I guess the problem is not only related to the WARC, and maybe it is related to the model.
Well, I've run your model and loading the classifier eats the whole memory:
Your model has been trained with --classifier random_forest
but training and saving a RandomForest classifier inside the python interpreter as Bicleaner does, does not result in such a problem. Could you upload your training file and the full training command? Also, have you tried training with --classifier extra_trees
(which is the default, and it is heavier but better).

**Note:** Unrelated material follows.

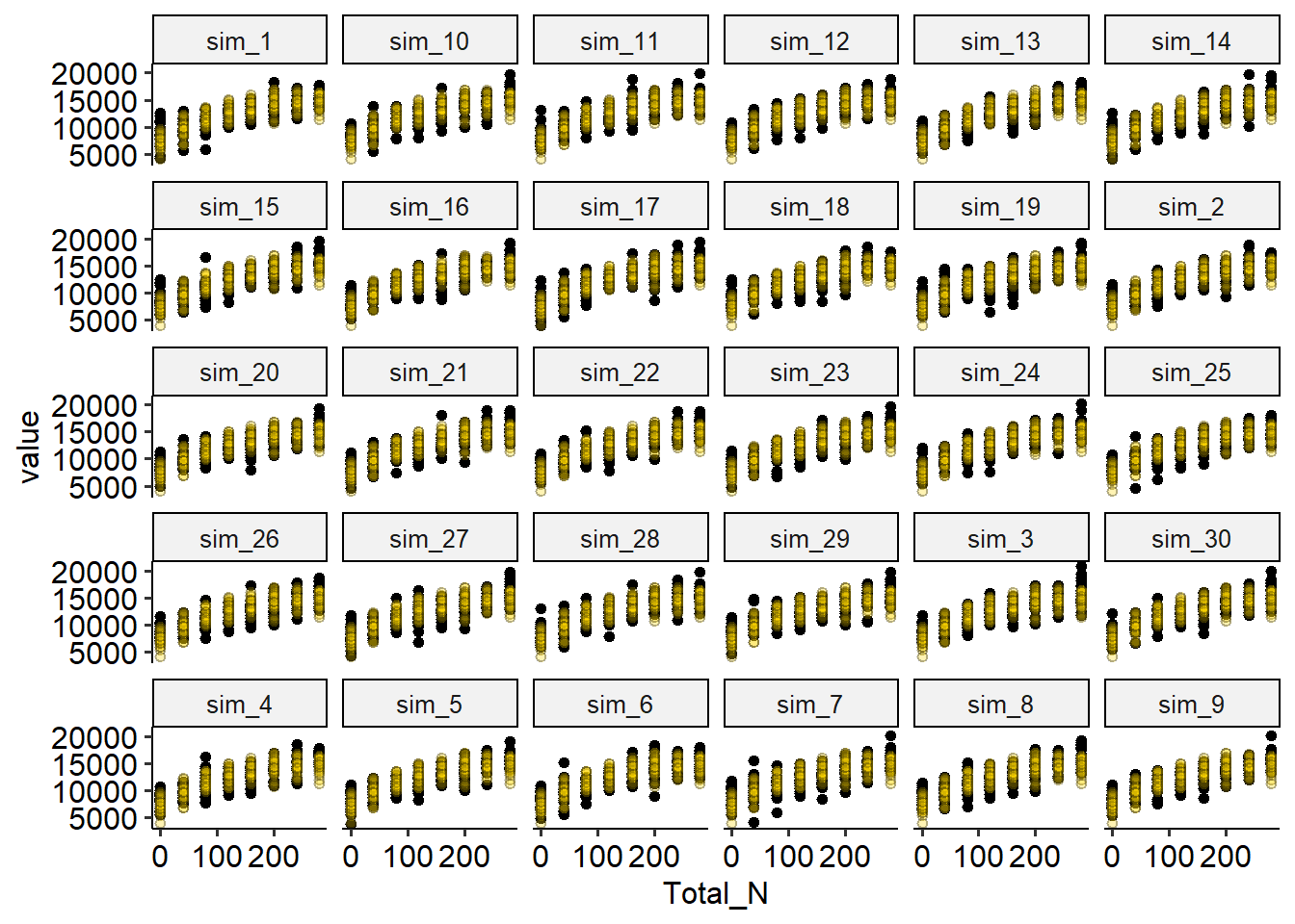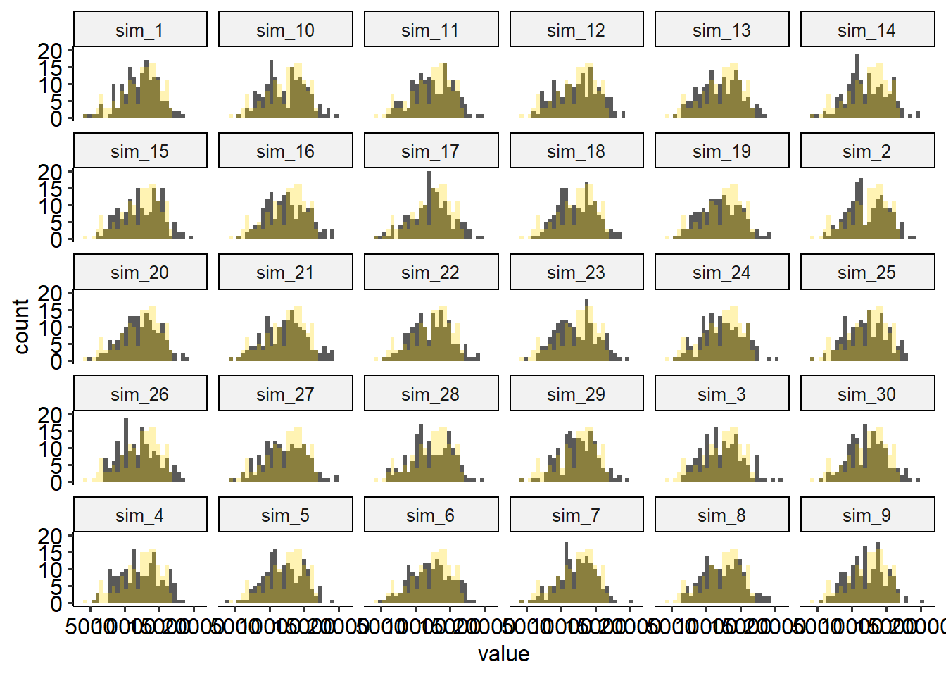 theme_set(theme_pubr())y_sim <- simulate(m1, nsim =30, seed = 42) |>

Yes, I have used --classifed random_forest
, and I have not try to use --classifier extra_trees
since I would like to avoid to expending more time on training. The full command I have used is:
python3 ./bicleaner/bicleaner/bicleaner_train.py /home/cgarcia/tmp/workdir-min/transient-genbicleaner-en-fr/train.y8WkIIaR -S ./preprocess/moses/tokenizer/tokenizer.perl -q -b -a -l en -T ./preprocess/moses/tokenizer/tokenizer.perl -q -b -a -l fr --treat_oovs --normalize_by_length -s en -t fr -d /home/cgarcia/tmp/workdir-min/permanent/en-fr.dic.generated.lex.e2f.gz -D /home/cgarcia/tmp/workdir-min/permanent/en-fr.dic.generated.lex.f2e.gz -f /home/cgarcia/tmp/workdir-min/transient-genbicleaner-en-fr/tempgizamodel.en-fr/corpus.en.filtered.vcb.gz -F /home/cgarcia/tmp/workdir-min/transient-genbicleaner-en-fr/tempgizamodel.en-fr/corpus.fr.filtered.vcb.gz -c /home/cgarcia/tmp/workdir-min/bicleaner-model/en-fr.classifier -m /home/cgarcia/tmp/workdir-min/bicleaner-model/new-en-fr.yaml --classifier_type random_forest
The command is the one being used in Bitextor. If you want to reproduce, maybe the easiest would be to execute directly Bitextor with greenpeaceaa.warc
and in snake_performance
branch. Anyway, if you want to reproduce directly, the bash script would be:
training=$(mktemp /tmp/train.XXXXXXXX)
paste <(xzcat -f /home/cgarcia/tmp/workdir-min/data/parallel-corpus/DGT/DGT.clipped.en-fr.en.xz) <(xzcat -f /home/cgarcia/tmp/workdir-min/data/parallel-corpus/DGT/DGT.clipped.en-fr.fr.xz,) > $training
DIR=$(dirname /tmp/new-en-fr.yaml)
lines=$(cat $training | wc -l)
trainlines=$(echo \"$lines*4/10\" | bc)
python3 ./bicleaner/bicleaner/bicleaner_train.py /home/cgarcia/tmp/workdir-min/transient-genbicleaner-en-fr/train.y8WkIIaR -S ./preprocess/moses/tokenizer/tokenizer.perl -q -b -a -l en -T ./preprocess/moses/tokenizer/tokenizer.perl -q -b -a -l fr --treat_oovs --normalize_by_length -s en -t fr -d /home/cgarcia/tmp/workdir-min/permanent/en-fr.dic.generated.lex.e2f.gz -D /home/cgarcia/tmp/workdir-min/permanent/en-fr.dic.generated.lex.f2e.gz -f /home/cgarcia/tmp/workdir-min/transient-genbicleaner-en-fr/tempgizamodel.en-fr/corpus.en.filtered.vcb.gz -F /home/cgarcia/tmp/workdir-min/transient-genbicleaner-en-fr/tempgizamodel.en-fr/corpus.fr.filtered.vcb.gz -c /home/cgarcia/tmp/workdir-min/bicleaner-model/en-fr.classifier -m /home/cgarcia/tmp/workdir-min/bicleaner-model/new-en-fr.yaml --classifier_type random_forest
All necessary files are attached.
I'm unable to reproduce the same error, all the classifiers that I've trained with your command and your data are loaded correctly. It seems to be a corruption of the classifier file that you trained. Even so, I'm capable of decompressing it and then loading successfully:
zlib-flate -uncompress < en-fr.classifier > en-fr.classifier.dec
ipython
In [3]: import joblib
In [4]: joblib.load('en-fr.classifier.dec')
Out[4]:
RandomForestClassifier(bootstrap=True, ccp_alpha=0.0, class_weight=None,
criterion='entropy', max_depth=None, max_features='auto',
max_leaf_nodes=None, max_samples=None,
min_impurity_decrease=0.0, min_impurity_split=None,
min_samples_leaf=1, min_samples_split=2,
min_weight_fraction_leaf=0.0, n_estimators=200, n_jobs=1,
oob_score=False, random_state=0, verbose=0,
warm_start=False)
If it's not a corrupted file, it should be a joblib bug. But I'm not able to reproduce it, so I can't report it. Have you experienced the same error if you train it again?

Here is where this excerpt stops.